Thank you for your help 

I (UK) moved to The Netherlands with my wife (Albania). We love it here. We have our BSN's, bank accounts, health insurance, we work, etc.

But with Brexit, we would like to know if this will affect me / us.

Do any of you know about this please?

Also, what is the quickest and / or most effective way for me to attain Dutch citizenship pls? I don't mind giving up my UK citizenship if I need to.

Thanks.


----------



## Bevdeforges (Nov 16, 2007)

At the moment, no one really knows just how Brexit will or won't affect British nationals currently resident in the EU. It may depend on how the "negotiations" work out, but for the time being it is safe to say that nothing will happen until the UK actually Brexits, i.e. end of March, 2019 or so.

There is a reasonable chance (though not certain at this point) that all British nationals who are resident in an EU country at the date of Brexit will probably be allowed to remain - as long as the UK doesn't do some sort of mass deportation or kicking out of EU nationals resident in the UK as of the Brexit date. But stay tuned.

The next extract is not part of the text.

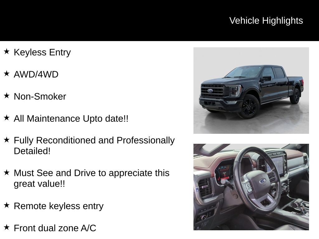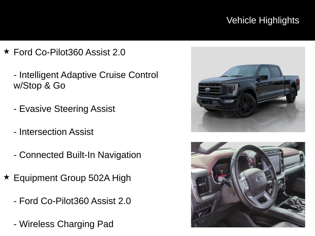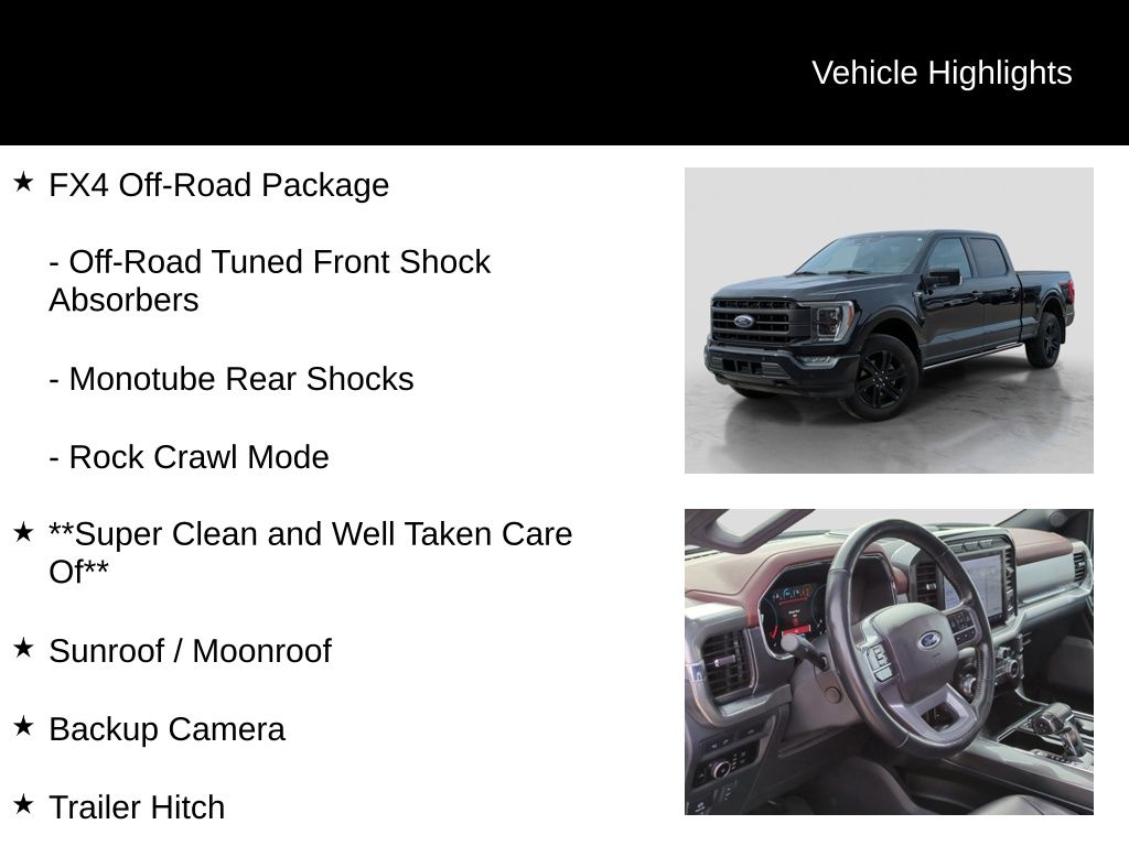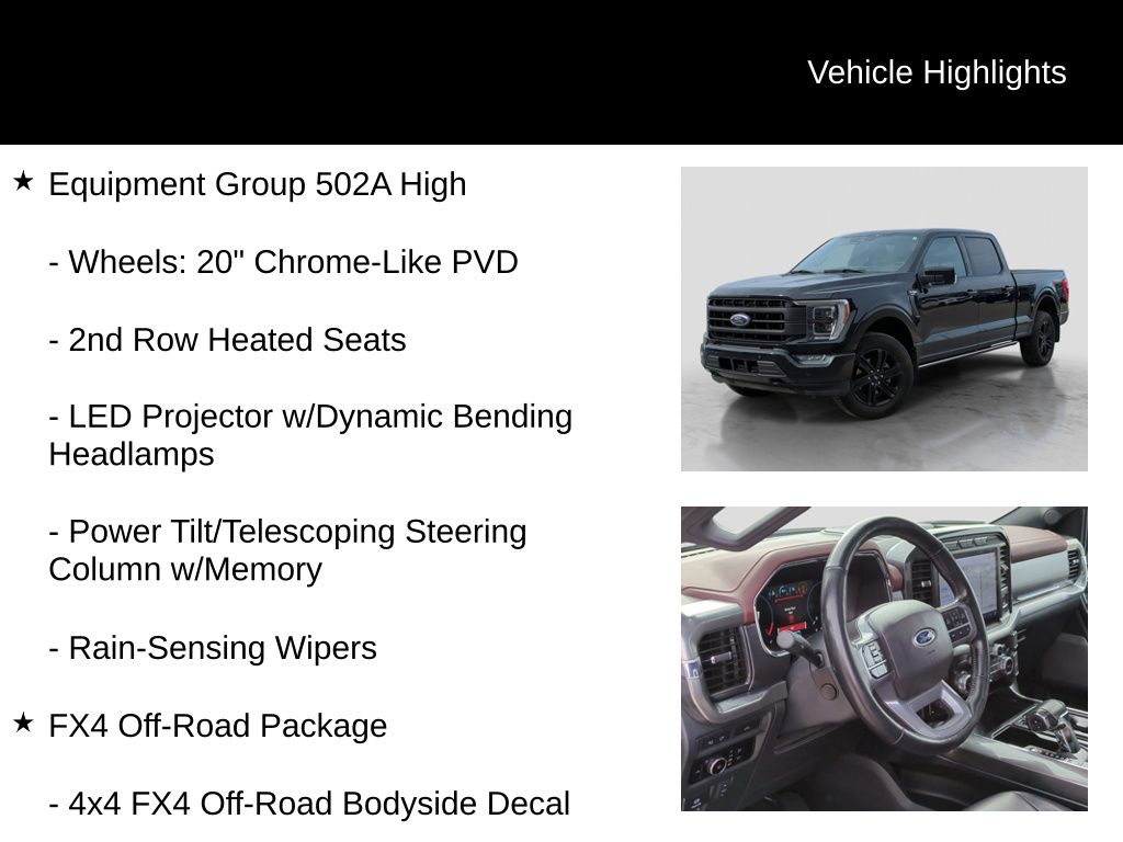 Recent Arrival! Clean CARFAX. Certified. 2023 Ford F-150 Lariat Is nicely equipped with Equipment Group 502A High (2nd Row Heated Seats, LED Projector w/Dynamic Bending Headlamps, Power Tilt/Telescoping Steering Column w/Memory, Rain-Sensing Wipers, Wheels: 20" Chrome-Like PVD, and Wireless Charging Pad), Ford Co-Pilot360 Assist 2.0, FX4 Off-Road Package (4x4 FX4 Off-Road Bodyside Decal, Hill Descent Control, Monotube Rear Shocks, Off-Road Tuned Front Shock Absorbers, and Rock Crawl Mode), Ford Blue Advantage: Blue Certified Certified, 4WD, ABS brakes, Alloy wheels, Compass, Electronic Stability Control, Front dual zone A/C, Heated door mirrors, Heated front seats, Illuminated entry, Low tire pressure warning, Remote keyless entry, Traction control, Twin Panel Moonroof, 4-Wheel Disc Brakes, 8 Speakers, Adjustable pedals, Air Conditioning, AM/FM radio: SiriusXM with 360L, Auto High-beam Headlights, Auto-dimming door mirrors, Auto-dimming Rear-View mirror, Automatic temperature control, Brake assist, Bumpers: chrome, Chrome wheels, Class IV Trailer Hitch Receiver, Delay-off headlights, Driver door bin, Driver vanity mirror, Dual front impact airbags, Dual front side impact airbags, Emergency communication system: SYNC 4 911 Assist, Exterior Parking Camera Rear, Front anti-roll bar, Front Bucket Seats, Front Center Armrest, Front fog lights, Front reading lights, Front wheel independent suspension, Fully automatic headlights, Garage door transmitter, Heated steering wheel, Memory seat, Occupant sensing airbag, Outside temperature display, Overhead airbag, Overhead console, Panic alarm, Passenger door bin, Passenger vanity mirror, Pedal memory, Power door mirrors, Power driver seat, Power passenger seat, Power steering, Power windows, Radio data system, Radio: B&O Sound System by Bang & Olufsen, Rear reading lights, Rear seat center armrest, Rear step bumper, Rear window defroster, Security system, Speed control, Speed-sensing steering, Split folding rear seat, Steering wheel mounted audio controls, SYNC 4 w/Enhanced Voice Recognition, Tachometer, Telescoping steering wheel, Tilt steering wheel, Trip computer, Turn signal indicator mirrors, Variably intermittent wipers, Ventilated front seats, Voltmeter, and Wheels: 18" Chrome-Like PVD.

The Dutch have lots of administrative information online and in English, so you may try googling for information about taking Dutch nationality. I know for a fact that to do so, you will definitely have to learn the Dutch language, so that might be a good place to start.
Cheers,
Bev


----------



## EuNonEUinNL (Jun 7, 2017)

Thanks Bev. We appreciate your response.


----------